Attribute | Specification |
|---|---|
Treatment | Experimental therapy vs standard-of-care control, both administered until disease progression, unacceptable toxicity, or withdrawal of consent. |
Population | Patients with the target indication meeting protocol-defined eligibility. |
Endpoint (variable) | Time from randomization to progression or death from any cause (PFS). |
Intercurrent events | Treatment discontinuation handled via treatment-policy strategy: events occurring after discontinuation are included in the analysis. |
Population-level summary | Hazard ratio (experimental vs control) at the end of follow-up. |
Bayesian Adaptive Phase II Oncology Trial
Operating characteristics, real-data validation, and a mock SAP
Executive summary
We simulated 120,000 Phase II oncology trials (10,000 per scenario × 2 designs) under 6 prior scenarios spanning hazard ratios (HR) from harmful (1.15) to strongly beneficial (0.55). A Bayesian response-adaptive design with one event-driven interim futility look (30% information time under the design alternative HR = 0.70, fires when 12 events accumulate) was compared against a fixed group-sequential O’Brien-Fleming design that applies the identical final-stage z-boundary. The adaptive design controlled Type I error at 0.019 (vs 0.021 for fixed; both below the 0.025 one-sided target), stopped early for futility in 48% of trials under harmful HR and 36% under the null (5–8% expected sample-size savings in those scenarios), and ceded 0.6–5.6 percentage points of power to the fixed design across non-null effects. A parallel survival analysis on n = 1,002 TCGA-BRCA patients exercised the same survival toolkit on real data: Cox PH and a Bayesian Weibull AFT directionally agree that hormone-receptor positive status is protective (HR ≈ 0.58–0.70) and that each decade of age increases hazard (HR ≈ 1.17–1.28), with a Schoenfeld test flagging a proportional-hazards violation that motivates the parametric AFT cross-check.
1. Introduction
Phase II oncology programs face a power–efficiency trade-off: fixed designs with adequate power are routinely overpowered for harmful or null effects, exposing more patients than necessary to an ineffective experimental therapy. Bayesian adaptive designs with response-adaptive randomization (RAR) and futility interim looks are now recognized in the FDA Adaptive Designs for Clinical Trials of Drugs and Biologics (2019) guidance as appropriate tools, provided that operating characteristics are demonstrated by simulation under all plausible scenarios.

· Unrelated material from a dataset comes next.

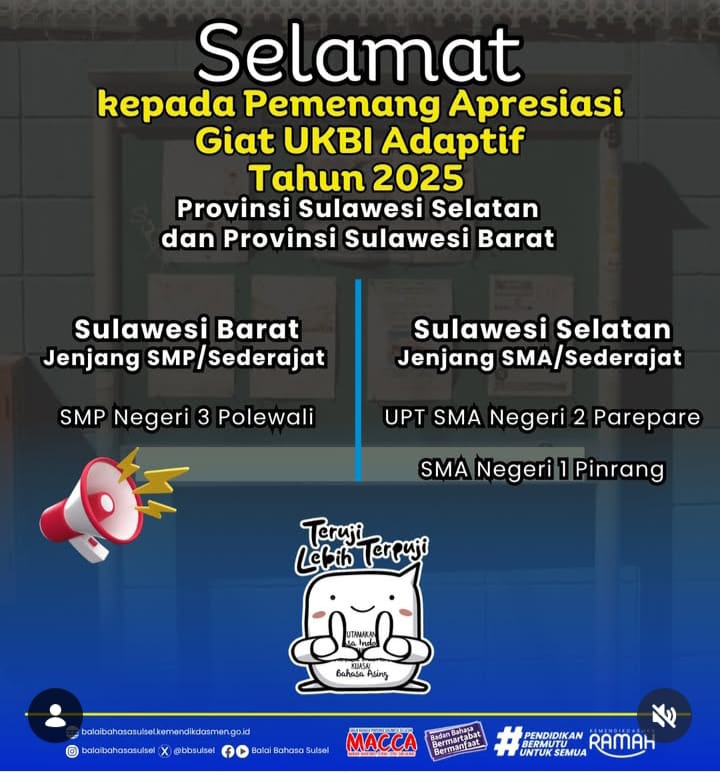 Keberhasilan dua sekolah di Sulsel itu mendapat apresiasi dari Balai Bahasa Sulawesi Selatan.

This report quantifies the operating characteristics of one such design against a fixed alternative for a hypothetical time-to-progression endpoint, and demonstrates the same survival analytic toolkit on real breast-cancer data from TCGA-BRCA.
2. Estimand (ICH E9(R1))
The primary estimand follows the ICH E9(R1) five-attribute structure. A “treatment policy” strategy is used for the most operationally common intercurrent event (treatment discontinuation), which is consistent with the FDA’s most-frequent recommendation for exploratory Phase II oncology trials.
3. Trial designs compared
| Feature | Fixed design | Adaptive design |
|---|---|---|
| Max sample size | 120 (60 / arm) | 120 |
| Allocation | 1:1 throughout | 1:1 until interim; RAR after |
| Interim look | None | Event-driven: fires when 12 observed events accumulate (30% information under H1) |
| Interim futility rule | — | Stop if P(HR < 0.7 | data) < 0.20 |
| Final test statistic | Cox PH z = -log_hr / se |
Cox PH z = -log_hr / se |
| Decision boundary | OBF z = 1.969 (final stage) | OBF z = 1.969 (final stage; no efficacy stopping at interim) |
| RAR scheme | — | Thompson-style: alloc_treat = max(0.2, min(0.8, sqrt(P(treat better)))), refit every 20 enrollees post-interim |
The adaptive design’s interim Bayesian model is an exponential survival model with weakly informative priors centered on the baseline truth: λ_c ~ Gamma(2, 80) (E[λ_c] = 0.025/month, matching the data-generating control hazard) and log HR ~ N(0, 1).
4. Simulation methods
Data-generating model. Patients enroll at rate 12/month (Exp(1/12) inter-arrival times). Event times are exponential with control monthly hazard 0.025 (annual hazard 0.30) and treatment hazard scaled by the scenario’s true HR. Administrative censoring is applied at 24 months from study start.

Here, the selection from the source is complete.